Identification of subgroups via partial linear regression modeling approach.
Yizhao ZhouAo YuanMing T TanPublished in: Biometrical journal. Biometrische Zeitschrift (2021)
In clinical trials, treatment effects often vary from subject to subject. Some subjects may benefit more than others from a specific treatment. One of the aims of subgroup analysis is to identify if there are subgroups of subjects with differential treatment effects. As in standard analysis, we first test if subgroups with differential treatment effects exist; if they do, we classify the subjects into different subgroups based on their covariate profiles; otherwise, we conclude no subgroups have differential treatment effects in this population. Existing methods utilize regression models, particularly linear models, for such analysis. However, in practice, not all effects of covariates on responses are linear.
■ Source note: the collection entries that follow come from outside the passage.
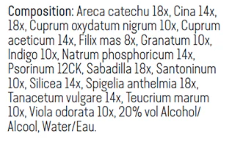 Composition: Areca catechu 18x, Cina 14x, 18x, Cuprum oxydatum nigrum 10x, Cuprum aceticum 14x, Filix mas 8x, Granatum 10x, Indigo 10x, Natrum phosphoricum 14x, Psorinum 12CK, Sabadilla 18x, Santoninum 10x, Silicea 14x, Spigelia anthelmia 18x, Tanacetum vulgare 14x, Teucrium marum 10x, Viola odorata 10x, 20% vol Alcohol, Water USP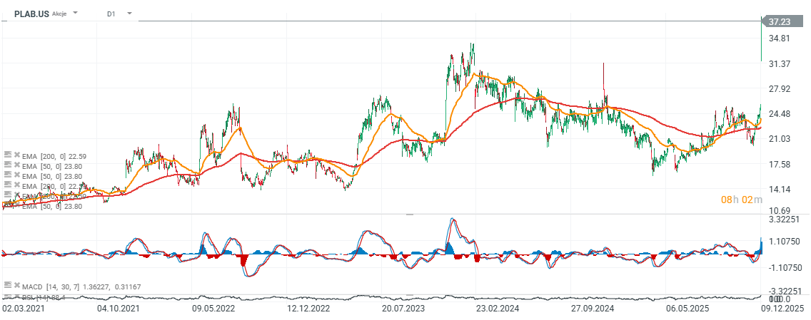 Las acciones de Photronics subieron hasta 50% el miércoles, marcando su mayor alza intradía desde marzo de 2009, después de que la empresa de semiconductores presentara una previsión de ingresos para el primer trimestre por encima del consenso. Photronics es uno de los mayores productores mundiales de fotomáscaras, un componente esencial en la infraestructura de fabricación de chips.
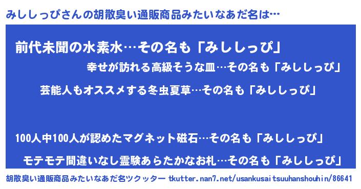 | 意味不明あだ名 | 『自称みししっぴ』『永久保存みししっぴ』 |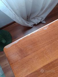 Tavolo 1mx1m aperto diventa 2mx1m. La superficie presenta qualche imperfezione e segni di usura come da foto. Condizioni buone.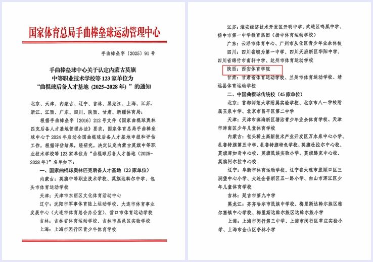 本网讯 近日,我校被国家体育总局手曲棒垒球运动管理中心认定为“国家曲棍球奥林匹克后备人才基地(2025-2028年)”。国家体育后备人才基地以奥运为周期,每4年评定一次。此次获批不仅是对我校国内一流的场地设施的肯定,也是对学校落实“5+3+1+X”竞训项目布局、探索手曲棒垒橄项目特色办学思路的认可,将对我校提升曲棍球运动水平、培养更多优秀曲棍球人才、推动曲棍球项目发展提供有力支持。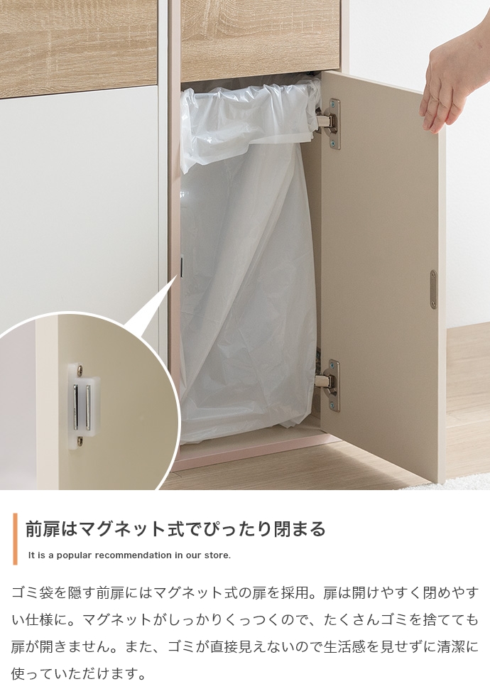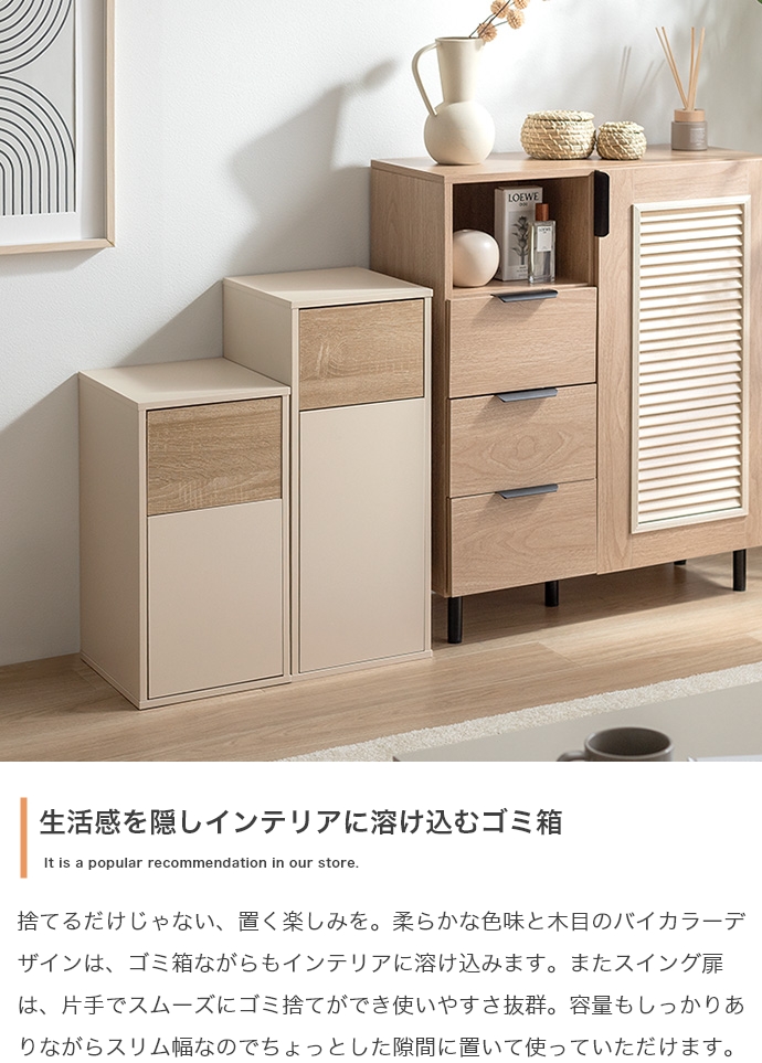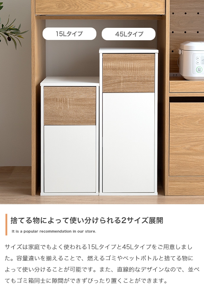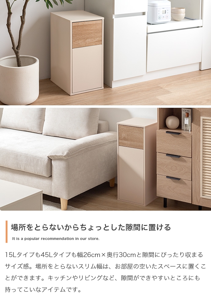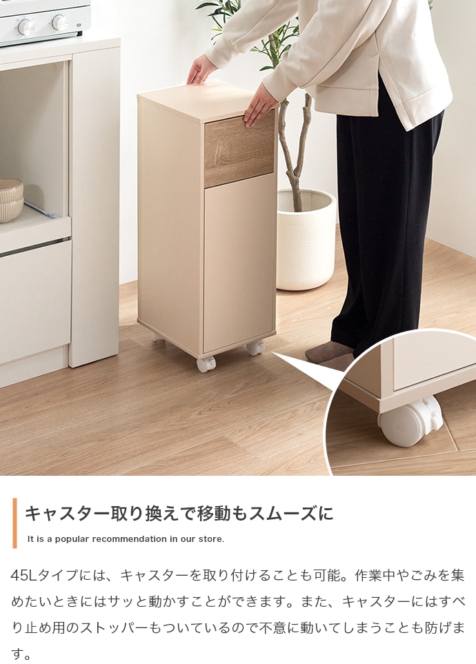 本体はしっかりとした容量(45L)がありながらも、スリム設計のため、お家の隙間に置くこともでき場所をとりません。

To address this issue, the article proposes a more flexible model, the partial linear model with a nonlinear monotone function to describe some specific effects of covariates and with a linear component to describe the effects of other covariates, develops model-fitting algorithm and derives model asymptotics. We then utilize the Wald statistic to test the existence of subgroups and the Neyman-Pearson rule to classify subjects into the subgroups. Simulation studies are conducted to evaluate the finite sample performance of the proposed method by comparing it with the commonly used linear models. Finally, we apply the methods to analyzing a real clinical trial.